Embrace Grace is saving two hearts at a time… The mommies and babies.

There is not a day that goes by that I am not in awe of the immense honor and thankfulness of this mission. I am brought to my knees time and time again and stirred to tears in love and adoration for the gift of these precious mommies and babies! Their lives leaving a lasting impression upon the hearts of those they meet, touch and interact with. It is only for a season they are with us, but the memories last a lifetime. The look in their eyes, the sweet embraces, the journey they are making into motherhood. They are BRAVE! They are STRONG! They are COURAGEOUS! It is priceless and beyond words. No price tag could ever compare to the gift that these mommies and babies bring to us at Embrace Grace.

Every one unique. One of a kind. Chosen Mom meets chosen child. The beauty that unfolds during the process as they begin to bond and fall in love with the babies in their womb and the Savior that blessed them with this precious miracle gift. Beauty and breath of life becoming one as baby takes their first breath into this world.

The miracle of life will always captivate my heart and leaves me speechless and moved beyond words. Compassion and comfort is always given with an abundance of love and grace. They can feel it. Both mommy and baby alike. Their hearts can feel the love flowing straight from your heart to theirs. Blessing their heart in ways they can not even begin to describe or even comprehend at times. They are enamored with the outpouring of grace that pours out freely upon them. A fountain that never runs dry. A river that never stops flowing. Forever. An endless supply. That is what they feel when they catch wind of Embrace Grace and what we are about. They are eager to know more, hungry for more, thirsty for the Living Water that flows from the Well of Jesus. We graciously pour it out by the vessels of hearts that are serving and ministering along with us. We can’t do this alone. It takes you and me. It takes us partnering together to touch the hearts and lives of those that need love and grace the most.

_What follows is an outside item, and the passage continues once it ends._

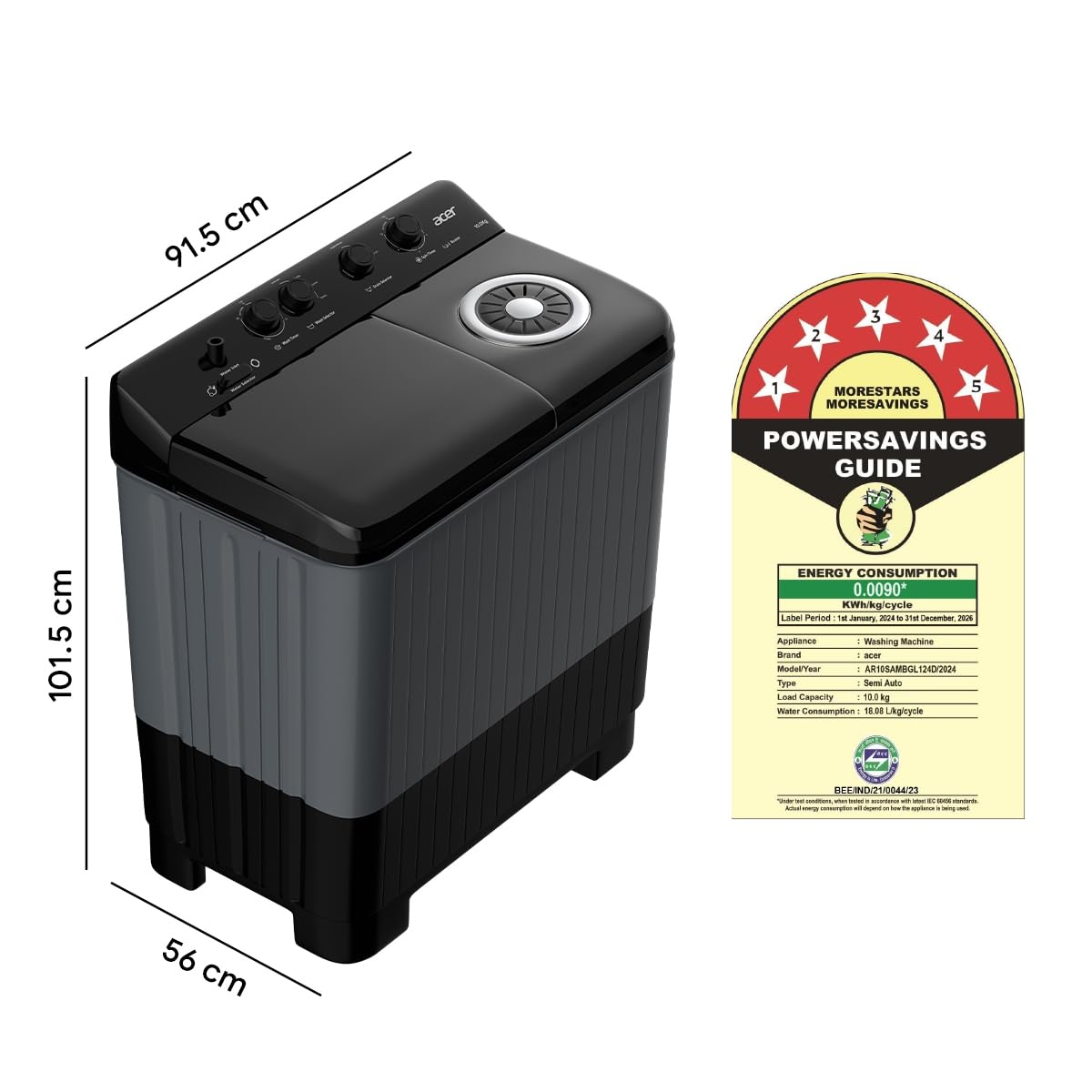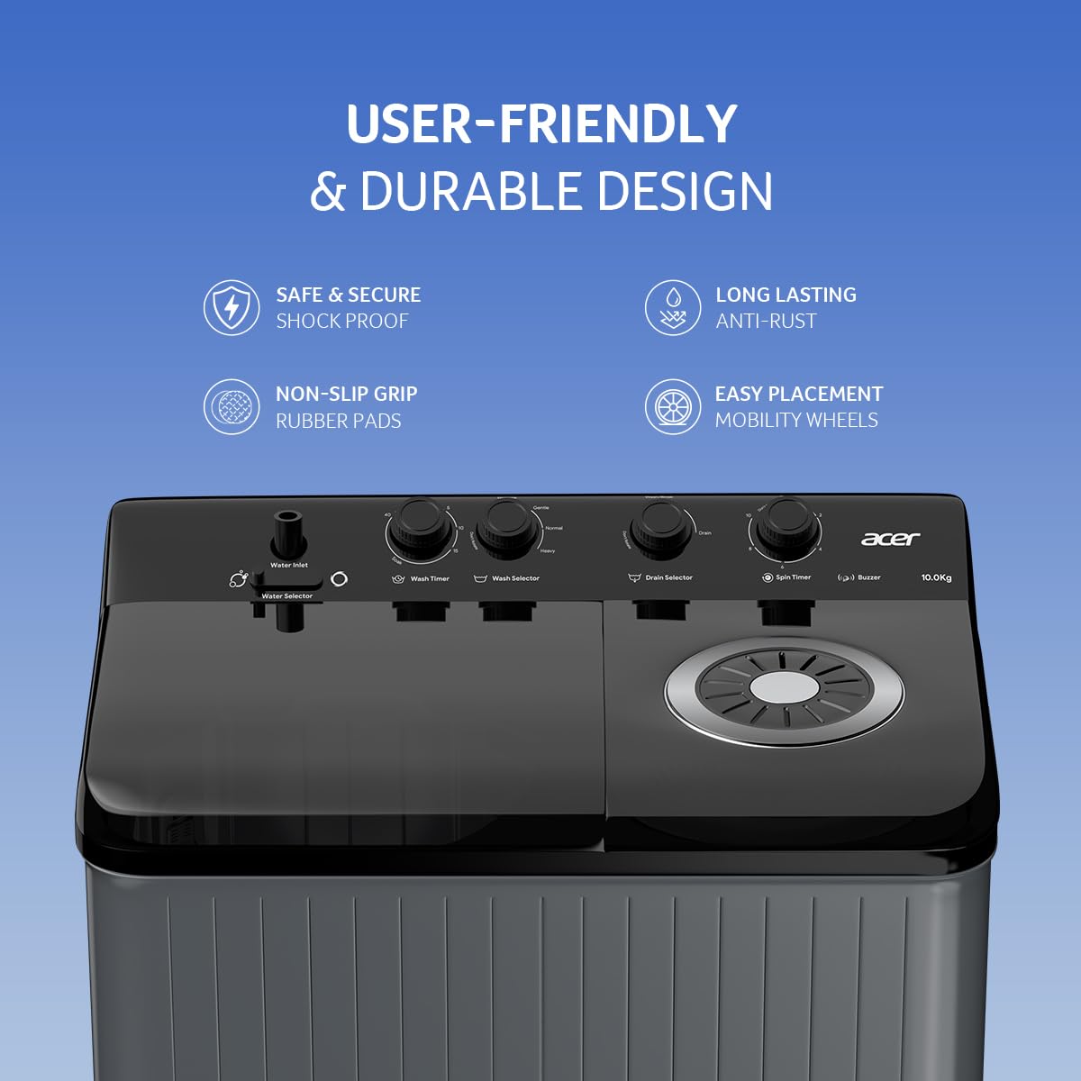 Acer 10.0 Kg 5 Star Semi-Automatic Top Loading Washing Machi…

We have a chalk print map of the USA in our office displayed on our wall. We have been eager to portray the hearts of each and every EG across the nation. Today was the day! With the placement of each heart upon the city and states, prayers were being offered, thanksgiving was been given, expectancy for more hearts to flood the map and embrace these mommies and babies with your love. It’s YOUR LOVE that reaches them. It’s your embrace that draws them near. It’s His GRACE that touches their hearts and they will never be the same. Once they catch a glimpse of WHO HE is and WHAT HE did for them… the rest falls into place beautifully. Flawlessly. Effortlessly. We pray. He does the rest. We are the hands and feet. We reach out to them and point them to the ONE that matters most. He is our EVERYTHING. We will do anything to reach them. Will you join us in prayer? Praying for more EG chapters to begin popping up across the nation. It is all in God’s perfect timing. They have already been destined and divinely appointed. Hearts are being stirred with passion, compassion and the love of Jesus to begin a group in their area. We are believing for more and more hearts to be added to our map. These are the hearts that we added today: Your city, your heart could be next.

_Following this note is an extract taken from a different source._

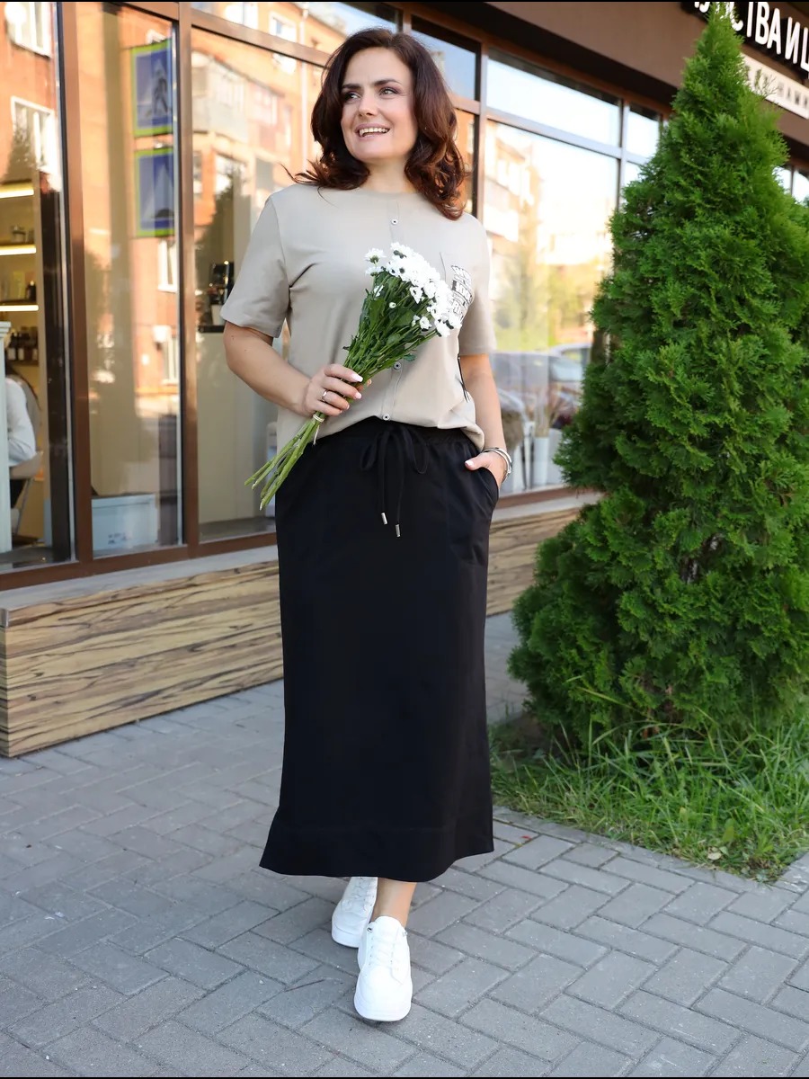 Стильная и комфортная женская летняя трикотажная юбка. Прямой крой, пояс на широкой эластичной резинке. Мягкий и дышащий футер – идеальный материал для летней женской одежды. Имеются удобные карманы. Однотонный дизайн делает эту стильную женскую юбку базовой вещью, которая легко сочетается с различными элементами гардероба. Повседневная однотонная легкая универсальная юбка макси прекрасно сочетается с белыми и черными принтованными футболками. Юбка на резинке не только выглядит красиво, но и удобна для носки. Она облегает фигуру, подчеркивает все ее достоинства. В этой юбке вы будете чувствовать себя свободно, легко и уверенно.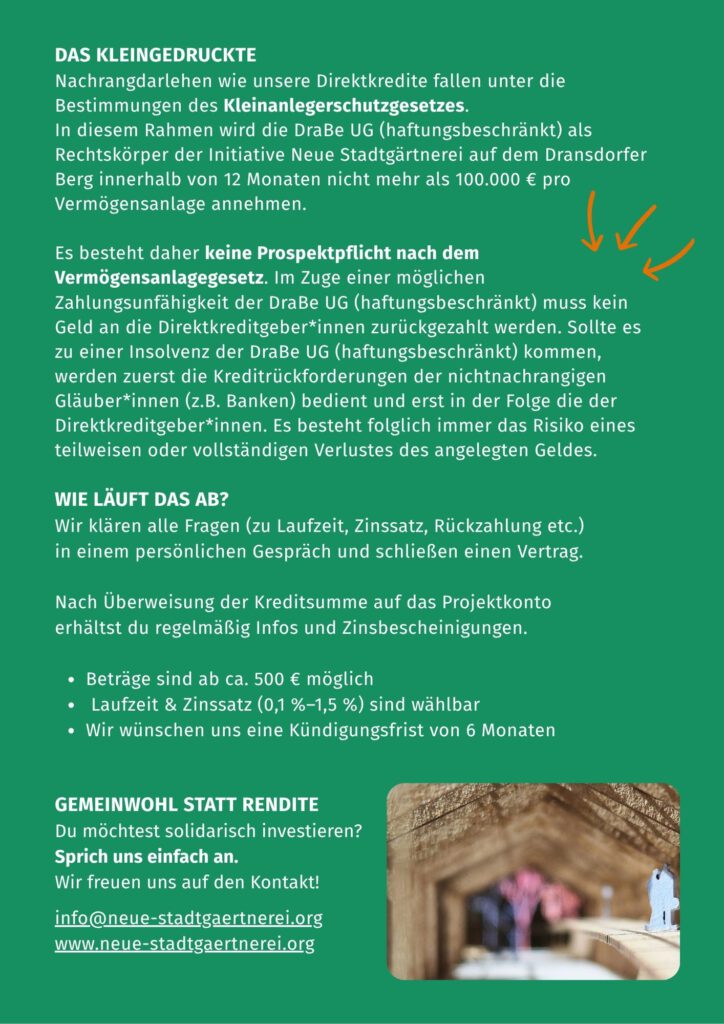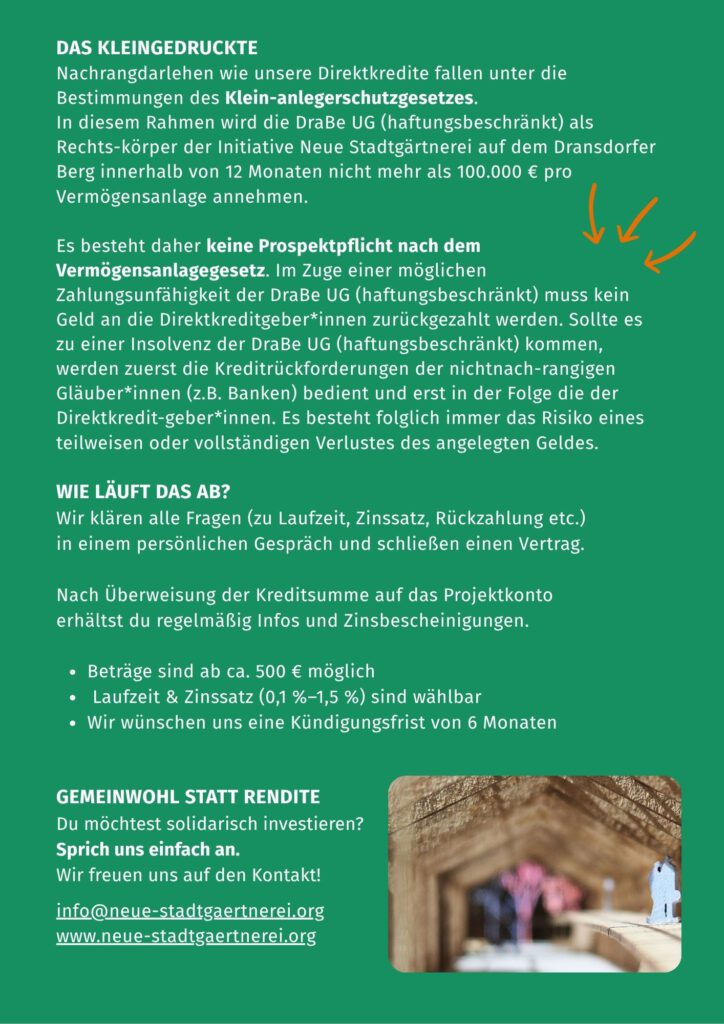 Die Direktkredite sind Nachrangdarlehen und fallen unter die Bestimmungen des Kleinanlegerschutzgesetzes. In diesem Rahmen werden durch die DraBe UG (haftungsbeschränkt) innerhalb von zwölf Monaten entweder maximal 20 Verträge zum gleichen Zinssatz oder nur Verträge bis zu einer Gesamtsumme von 100.000 Euro pro Zinsanlage abgeschlossen. Somit machen wir von der Ausnahmeregelung nach § 2 Abs. 1 Nr. 3a & § 2 Abs. 1 Nr. 3b VermAnlG Gebrauch und sind von der Prospektpflicht für Vermögensanlagen befreit.

TEXAS: Southlake, Mansfield, Aurora, Fort Worth (2), Sherman, Denison, Denton (2), Plano, Waxahachie, Anna, Cisco, Forney, Arlington, Lubbock, Carrollton, Frisco

LOUISIANA: Keithville, Addis

ALABAMA: Birminghamphoto

ARKANSAS: Hardy, Conway

OKLAHOMA: Norman, Oklahoma City

NEW JERSEY: Hawthorne

ILLINOIS: Carbon

MICHIGAN: Saginaw, Plainwell

MINNESOTA: North Mankato

FLORIDA: Sanford, Gainesville

MONTANA: Bozeman

OHIO: Canton

VIRGINIA: Winchester

CANADA: Sarnia, Ontario, Toronto, Ontario

38 city hearts and counting… Our hearts are united. To reach out and embrace the mommies and babies everywhere. To shower with love upon their hearts. It is an honor to join with you in this mission. Saving the hearts of the mommies and babies.

Praying with you and for you. May God Bless Your Heart immensely! Mommy and baby heart that is looking & searching for a group near you… we are praying for you. Church group looking for something new that God is stirring in your heart to embrace and begin… we are praying for you. Pregnancy Center that is looking for a bridge in the gap to connect these precious girls coming to your center and looking for a place to connect them to local churches… we are praying for you. All hearts united as one. This mission is beautiful.

Written by Salina Duffy

Pockets of My Heart

shutterstock_200983001My heart is filled with adoration, love and thankfulness to our Beautiful Creator. I look around and everywhere I see there is beauty and wonder to behold. From the simplest of things like this morning a sweet little old man was sitting by himself sipping his coffee at the donut shop. He smiles as he looks over at my son and I can just see his wheels turning. Possibly thinking back to a time when his children were younger and he brought them into the donut shop to pick out their favorite treats. The sign above the coffee dispenser read Royal Cup- Savor the Experiences. As my little boy sat and recalled his adventures at the amazing water park and the joys that fill his days I was all ears. I was eager to know more. This older man was eaves dropping and he just kept smiling with the biggest grin on his face. In the middle of our conversation, we looked over at him and included him in our small talk. We wished him a blessed and happy day. I sometimes think or wonder: could that be an angel or messenger sent from God as a sweet reminder that He is all around. Watching over us. I tucked this sweet reminder in the pocket of my heart.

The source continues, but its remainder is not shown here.